Hastalığının sebeplerini toplumda ve ruhundaki yansımasında arayan Erbil’in yazarlığında da aynı yaklaşım vardır. Kendi iç dünyasıyla ilgilenen karakterleri konu aldığında, iç dünyanın toplumla olan ilişkisini her zaman ortaya koymuştur. Toplumun bilinçaltında bastırılan travmatik olaylar aniden metinde ortaya çıkar. Bazen gazete küpürü, bazen kopuk bir hatıra olarak karşımıza çıkar.
Aslı Erdoğan
“Mesela yazmak bir tanıklık mı? Dış dünyada şiddetin karşısında yazarın yaptığı tanıklık aslında bencilce bir eylem mi, yoksa öteki için yapılan bir eylem mi?
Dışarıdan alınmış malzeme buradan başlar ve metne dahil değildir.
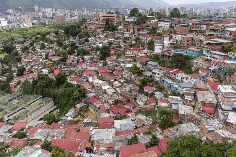 Вид сверху на баррио (трущобы) Каракаса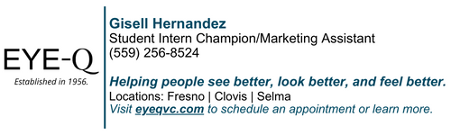 I've attached our flyer and Student Internship Application to this email and would be very grateful if you could share this unique learning experience with your students. The following is also a link to our webpage where students can find more information about our program: https://eyeqvc.com/internships/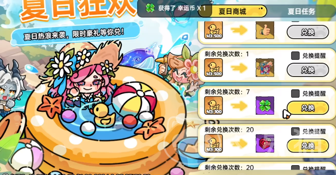 想要参与夏日祈愿活动,先需要在绑定的夏日狂欢活动中完成特定的任务,兑换幸运币,根据任务的不同,可以兑换的幸运币数量也不一样,有了幸运币之后才能去夏日祈愿里参与抽奖活动,只要通过抽奖集齐了特定的道具就可以兑换这个坐骑,玩家需要多去完成特定的任务,这样才能积攒大量的抽奖机会。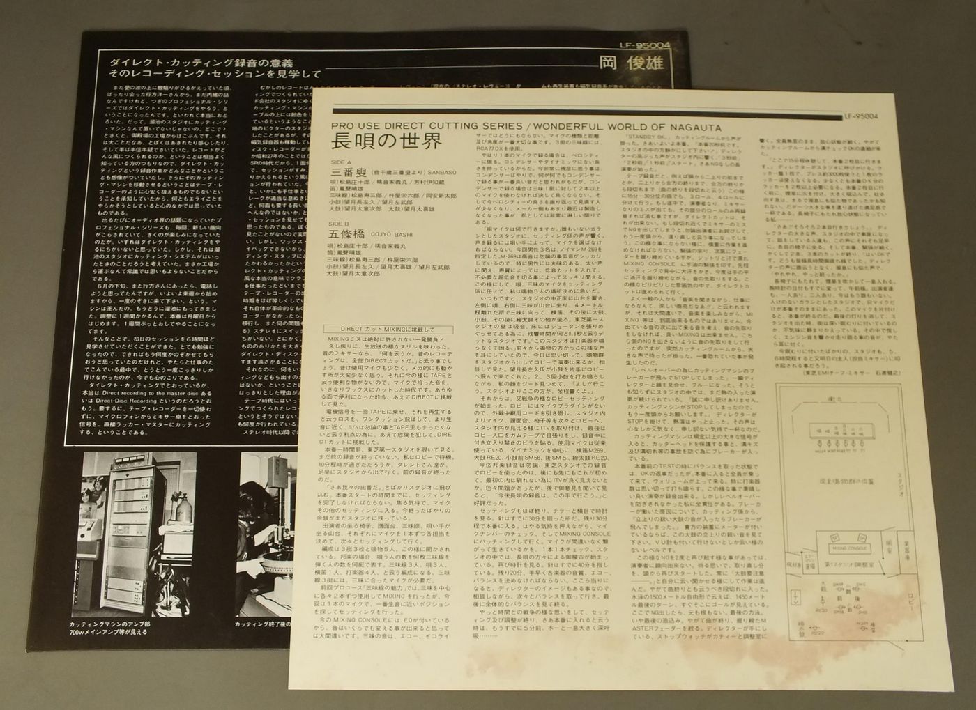 PRO USE SERIES/WONDERFUL WORLD OF NAGAUTA長唄の世界 三番叟 五條橋 LF95004 製造国:日本盤 / Media:LP外観:EX盤の状態:EX-帯:EX- 価格(税込):¥1,650(売約済) 送料 7inch:定形外郵便 360円~LP:定形外郵便 660円~送料は、注文の最終画面で確認頂けます。 > > PRO USE SERIES/WONDERFUL WORLD OF NAGAUTA 外観 (EX)特記事項:ヘリスレ有。外観EXの共通説明:ダメージが限定的。中古品としては保存状態がよい方。シミ、ヨゴレ、スレ 少し~軽度。 盤の状態 (EX-)特記事項:薄いスリキズ・細かい表面スレ軽くある感じ。全体的には殆どが軽微なものの様子です。盤EX-の共通説明:盤面のスリキズが多少有り。音に出そうなものは殆ど無いように見える~さほど気にならないぐらいの軽いプチ数カ所程度。 帯の状態 (EX-):シミ有。 その他:白見本盤 Tweet それぞれの画像をクリックすると、大きい写真が見られます こちらの商品もお勧めです 1,210円 MICHIO MIYAGI宮城道雄 / MASTERPIECES OF KOTO 60s ISSUE宮城道雄名曲選集ペラジャケ 440円 TOHO KAGESAWA影澤藤峰 / JAPANESE TRADITIONAL FOLK SONG (HOKKAIDO & TOHOKU)民謡おさらい集(東北・北海道編) 660円 YASUKO NAKAJIMA中島靖子 / 中島靖子の音楽 990円 BAMBOO FLUTE村岡実-豊藤-豊文-豊輔 他 / SINGS VOL2デラックス 尺八はうたう 第2集 1,210円 KIFU MITSUHASHI三橋貴風 / TAMAFURI魂ふり 2,200円 SHINICHI YUIZE唯是震一 / MUSIC OF SHINICHI YUIZE VOL6唯是震一の音楽第6集 770円 YUKO MIKASA三笠優子 / ENKA GEKIJO歌謡浪曲・艶歌劇場 440円 SHINTAROU SUGIYAMA杉山真太郎 / INTRODUCING JAPANESE MUSIC日本音楽の手引き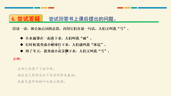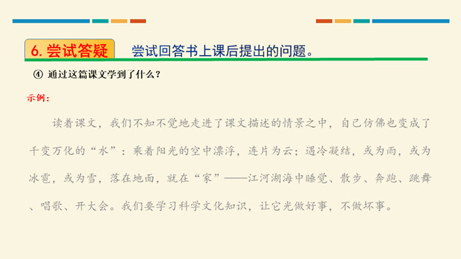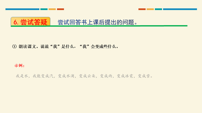 通过这篇课文学到了什么?读着课文,我们不知不觉地走进了课文描述的情景之中,自己仿佛也变成了千变万化的“水”:乘着阳光的空中漂浮,连片为云;遇冷凝结,或为雨,或为冰雹,或为雪,落在地面,就在“家”——江河湖海中睡觉、散步、奔跑、跳舞、唱歌、开大会。我们要学习科学文化知识,让它光做好事,不做坏事。朗读课文。说说“我”是什么,“我”会变成些什么。我是水,我能变成汽,变成水滴,变成云朵,变成雨,变成冰雹,变成雪。所属专题:我是什么ppt。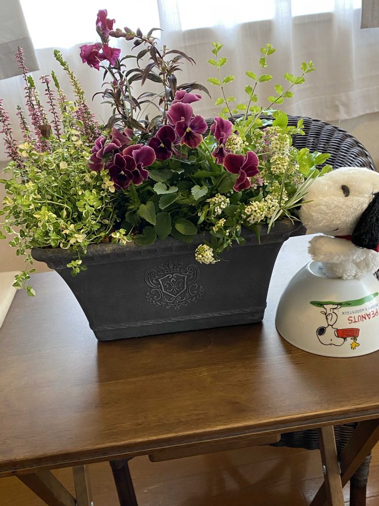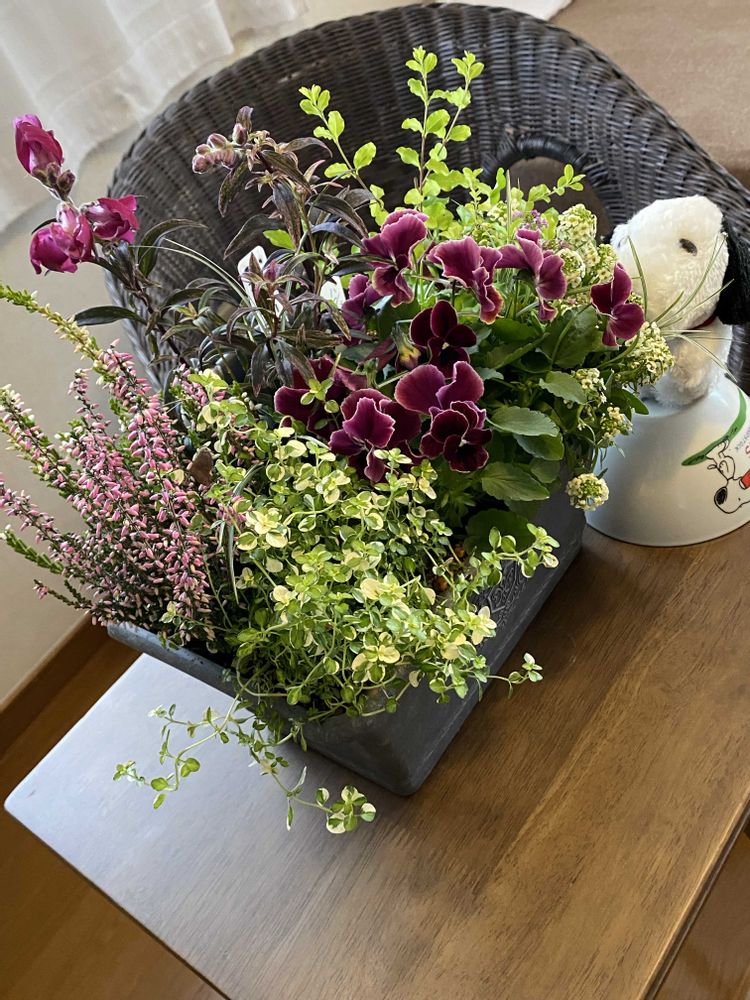 今年も例年通り10月に園芸店の寄せ植えイベントに参加して来ました。今回もパンジーとアリッサム、カルーナを店内の好きなのに変えて良かったので、3種とも変えさせてもらいました、パンジーはシエルブリエから和楽にして、金魚草と色を揃え、カルーナも八重咲きからふつうの高さのあるカルーナに。アリッサムは真っ白ではなくベージュがかった色にして、鉢の雰囲気と合わせてみました。(浅はかながら私なりに色々考えるのが楽しかったです)

Ötekine anlatmak kendi acından seni kurtarmak için mi, yoksa daha çok, kendi acınla yüzleşmek için mi?”
Aslı Erdoğan’ın eserlerinin temel bileşeni acı olduğu için, eserleri karamsar olarak nitelendirilir. Kitaplarında, iç ve dış dünya arasında çatışma ve etkileşim kurulmuştur. Dış dünyada yansıtılan şiddeti yazmak yerine beden üzerindeki izlerinden bahseder.
Duygularını, cesaretini, hayata olan bağlılığını yitiren kadın, bir noktada güçsüz düşmektedir. Kendini sadece ekonomik ve statü olarak güçlendirmeye çalışan kadın, bu şekilde gücünü yitirmeye başlar. Ne olduğunu unutan kadının, artık tek kurtarıcısı kendini yeniden tanımak ve yaşamaktır.
Kendin ol,
Duygularını hisset,
Düşüncelerini tanımla,
Fikirlerini harekete geçir,
Harekete geçirdiklerine odaklan,
Odaklan, harekete geç, düşün, hisset,
Kendin ol.
Unutma: Sorun Saçın Değil, Sorun Kadın!